The BBA

Becoming Forrest

Rob Pope, 422 pages


 

Easy read and I admired this guy’s spirit and tenacity. The book chronicles the author’s personal endeavor to run more than 15,000 miles in 5 legs, crisscrossing the United States on a route inspired by Forrest Gump’s epic run. He runs for charity, grows his hair and beard out like Forrest, and occasionally runs “in costume”. His writing emphasizes his impressions of the people, cultures, geography and weather he faced. I actually found his logistical challenges and injury battles more interesting, so I wished he dwelled on more of the behind-the-scenes stuff (exception: he did spend a lot of the book describing his efforts to secure accommodations at the end of each day).

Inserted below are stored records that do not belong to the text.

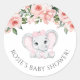 Pegatina Redonda Chica floral rosa Cutie Elephant Rubor Baby Shower
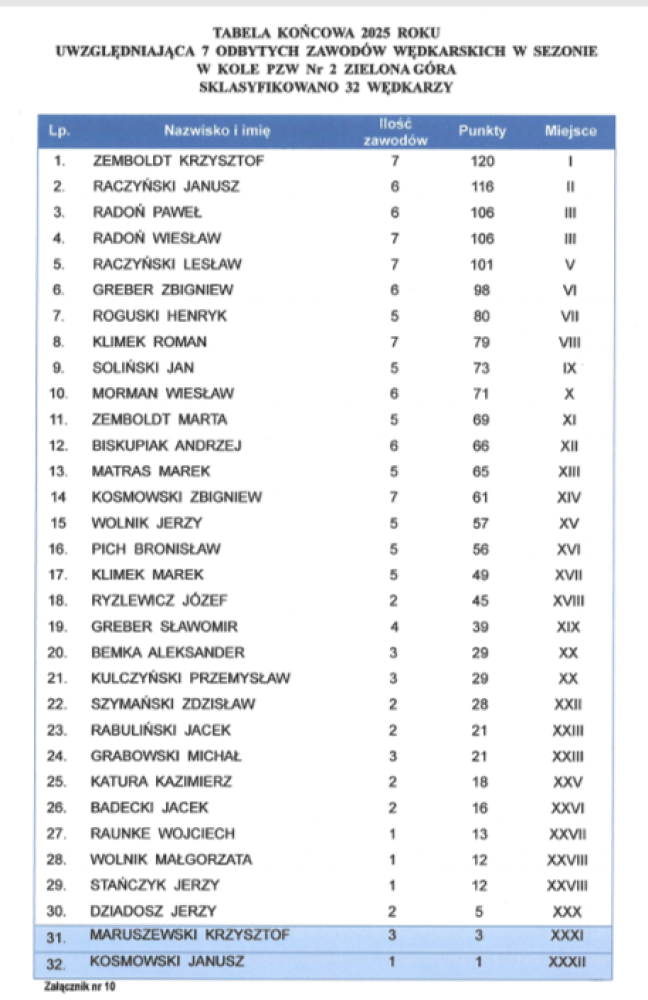 Klasyfikacje Grand Prix 2025 Koła PZW nr 2
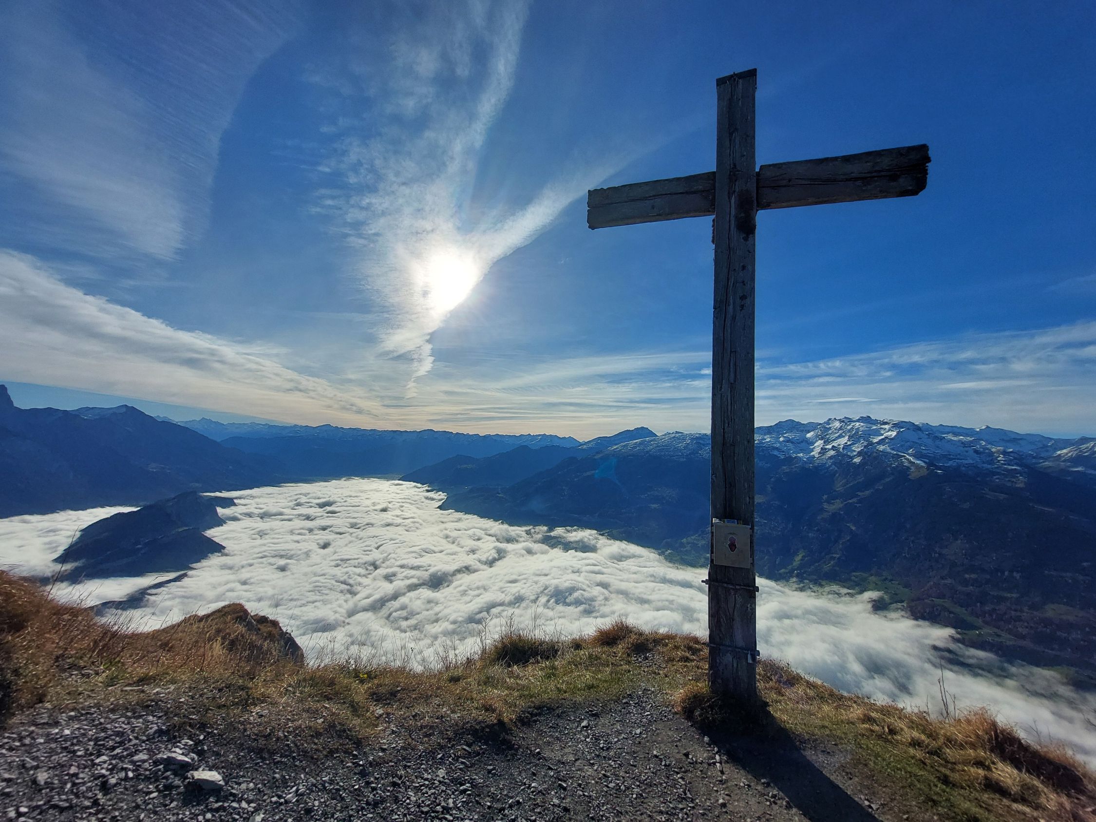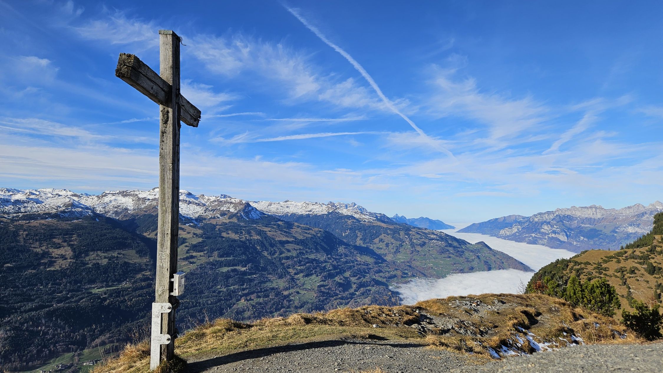 Nebelmeer über Sarganserland witd immer dichter, breitet sich nach oben aus
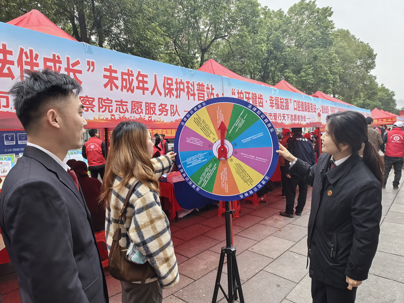 “答对这道题可以转一次转盘赢奖品。”在“法治能量站”互动区,干警们精心设计的“法律知识转转乐”游戏吸引了不少市民参与。转盘上写满了与青少年日常生活密切相关的法律题,参与者转动转盘、回答问题,答对即可获得法治书签、主题文具等普法小礼品。
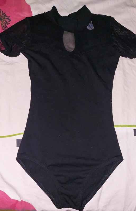 черное боди с короткими кружевными рукавами и сетчатой вставкой на груди.
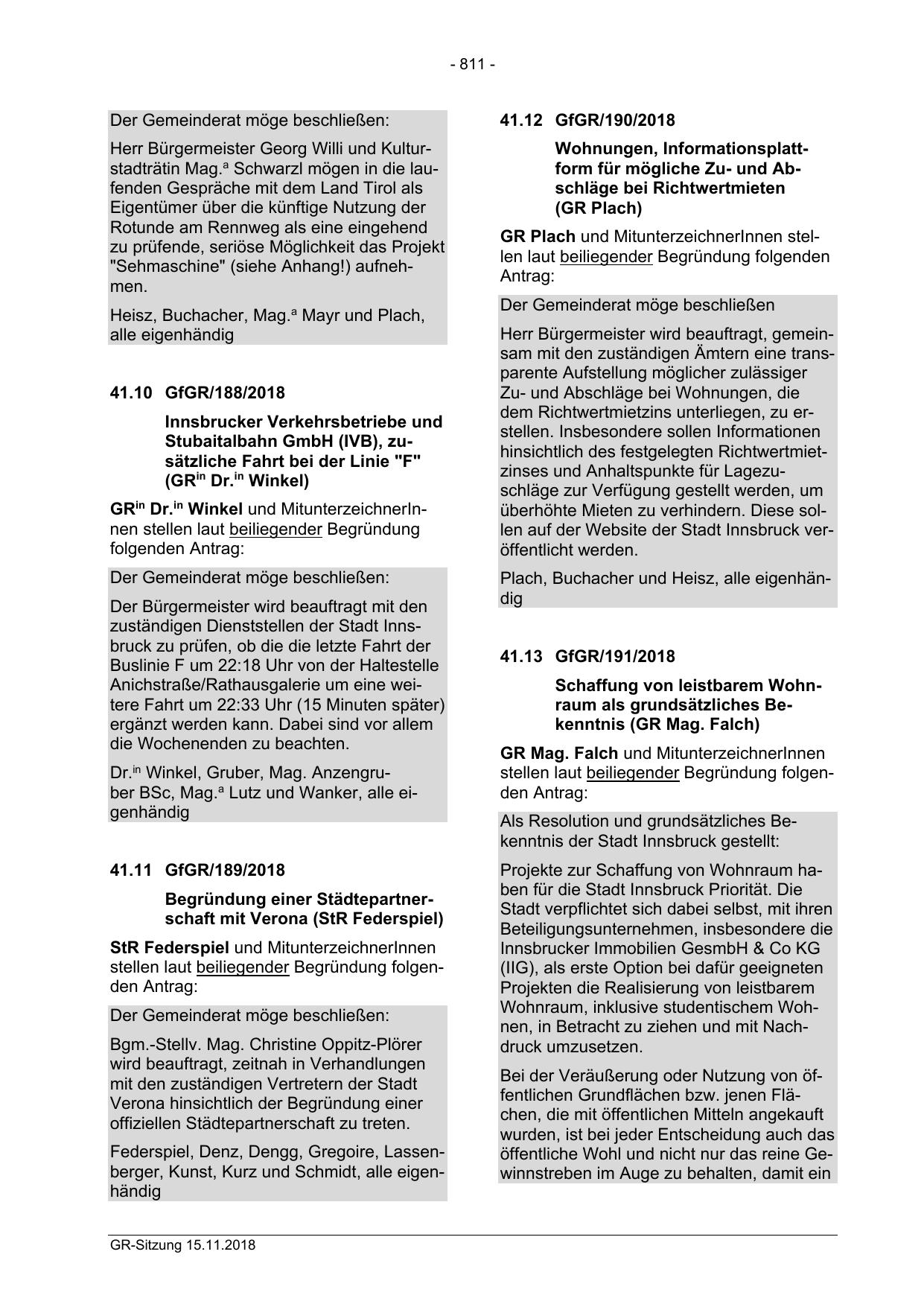 Als Resolution und grundsätzliches Bekenntnis der Stadt Innsbruck gestellt:

In his defense, he alluded to writing a much longer draft that was edited down, so maybe his publisher wiped out those details. Also a little disappointed that he breezed over St. Louis so quickly in the book, but sounds like it was a fairly uneventful section of his run. Final criticism is that he did a lot of walking too (rightfully so, primarily because of injuries), but when he celebrates his mileage it was always “I ran X miles” – okay, you earned the right to claim it as running, I suppose. This is not a wow-you-have-to-read-this book, but it is relatively very high on my book rankings (currently). If you do not appreciate distance running, you might not enjoy it as much as I did.